Its possible that what the dealer might have meant is the N75 valve. This valve controls the turbocharger's wastegate, and if the valve malfunctions, it can allow the turbocharger to build more boost than it should. The car's computer would recognize this condition and an "overboost" code would be stored in the car's computer. 
The computer may also decide to put the car into what is sometimes referred to as "limp" mode - deliberately limiting the power the engine produces to prevent any damage. In this mode, the car drives almost like you'd expect if the turbo wasn't there. It works, but not so much fun.
The N75 valve runs about $75 and is easy to install, so your $106 price is not out of the ballpark if this is the part the dealer really meant.
Of course this is just one possibility.
Regards,
Tom
98 GTI (VR6)
00 Bug (1.8T)


----------



## 1.8T_Moe (Sep 19, 2004)

*Re: Location of turbocharger "Overrun Cutoff Valve"??? (DerGolfGTI)*

Yeah I would agree about the N75 valve but if it was bad I think you'd overboost all the time which would put you in limp mode all the time, which you would definitely notice. Have you noticed any changes in power while driving?
Calling it a Cutoff Valve would make it seem like the N75 though. And price wise that sounds about right as DerGolfGTI said.
Post in the 1.8T forums and you can find out for sure probably.


----------



## Fab64 (Jan 21, 2005)

*Re: Location of turbocharger "Overrun Cutoff Valve"??? (1.8T_Moe)*

No, I haven't noticed anything out of the ordinary (except for the light). I guess I need to call the dealer back and get clarification.
And I didn't realize there was a separate 1.8T forum - I'll try posting there.
Thanks for the suggestions.
Roger


----------



## water&air (Aug 1, 2002)

*Re: Location of turbocharger "Overrun Cutoff Valve"??? (1.8T_Moe)*


_Quote, originally posted by *1.8T_Moe* »_Yeah I would agree about the N75 valve but if it was bad I think you'd overboost all the time which would put you in limp mode all the time, which you would definitely notice. Have you noticed any changes in power while driving?
Calling it a Cutoff Valve would make it seem like the N75 though. And price wise that sounds about right as DerGolfGTI said.
Post in the 1.8T forums and you can find out for sure probably. 

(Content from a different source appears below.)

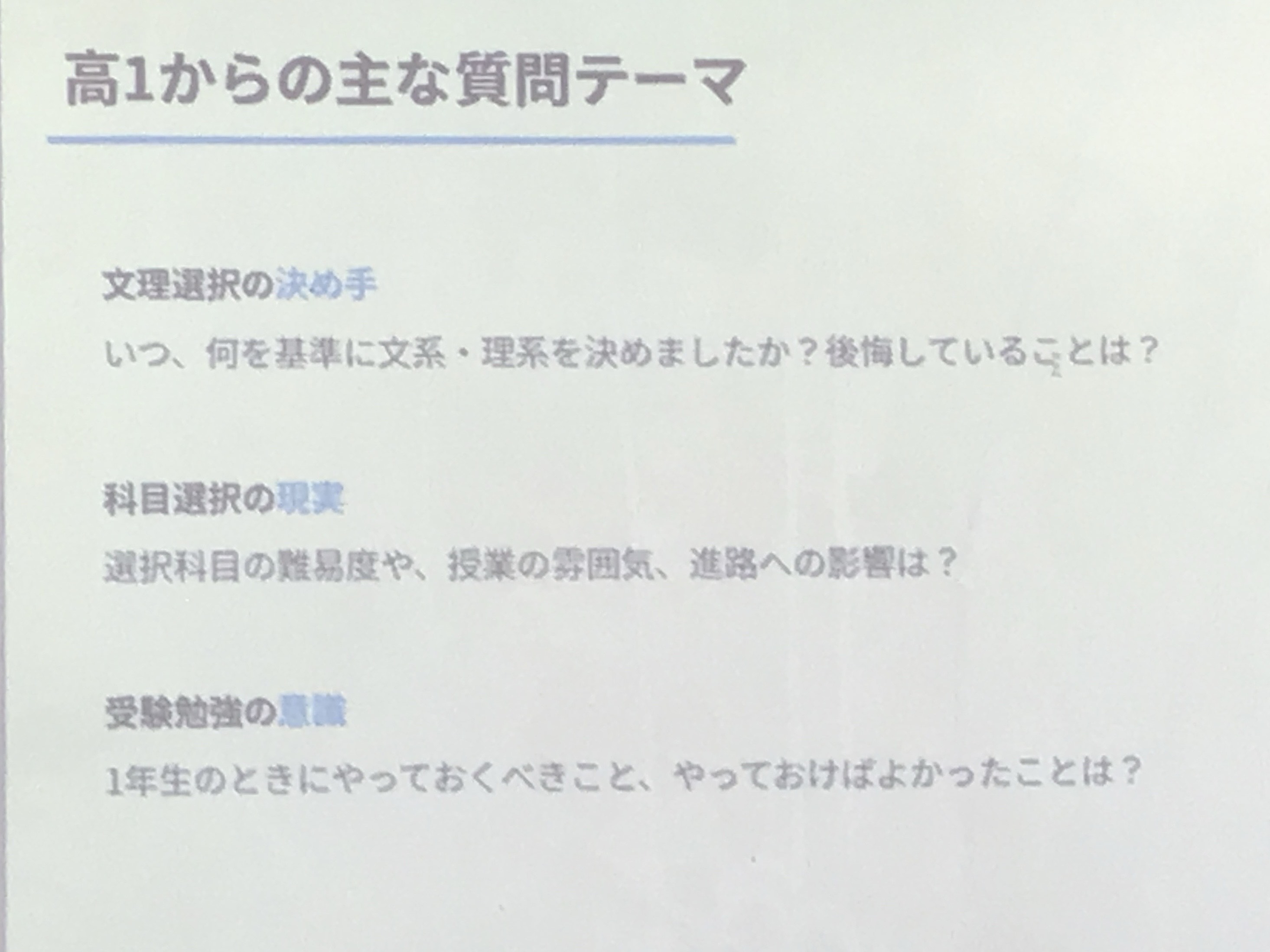 質問内容は、文理選択や科目選択に関するものが中心であり、2年生の具体的な体験談には説得力がありました。先輩の話に大きく頷きながら耳を傾ける1年生の姿も多く見られ、進路に対する意識を高める機会となりました。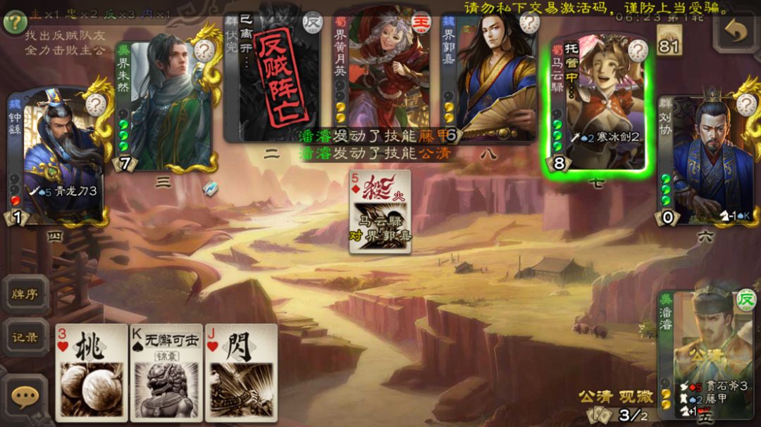 潘濬的强度来源于【观微】的强辅助,那么他回合外的手牌就是敌方需要处理的关键。没有牌的潘濬就是白板,所以从而对潘濬的手牌拆顺和体力集火(一个目的:回合外存不住牌)。最后自身发动技能都难,直接白板。

vw reffers to both the n75 and d/v as a "cutoof valve", stupid i know.


----------



## 1.8T_Moe (Sep 19, 2004)

*Re: Location of turbocharger "Overrun Cutoff Valve"??? (water&air)*


_Quote, originally posted by *water&air* »_
vw reffers to both the n75 and d/v as a "cutoof valve", stupid i know.









Guess they should number then then. "Sir your cutoff valve #2 is bad."


----------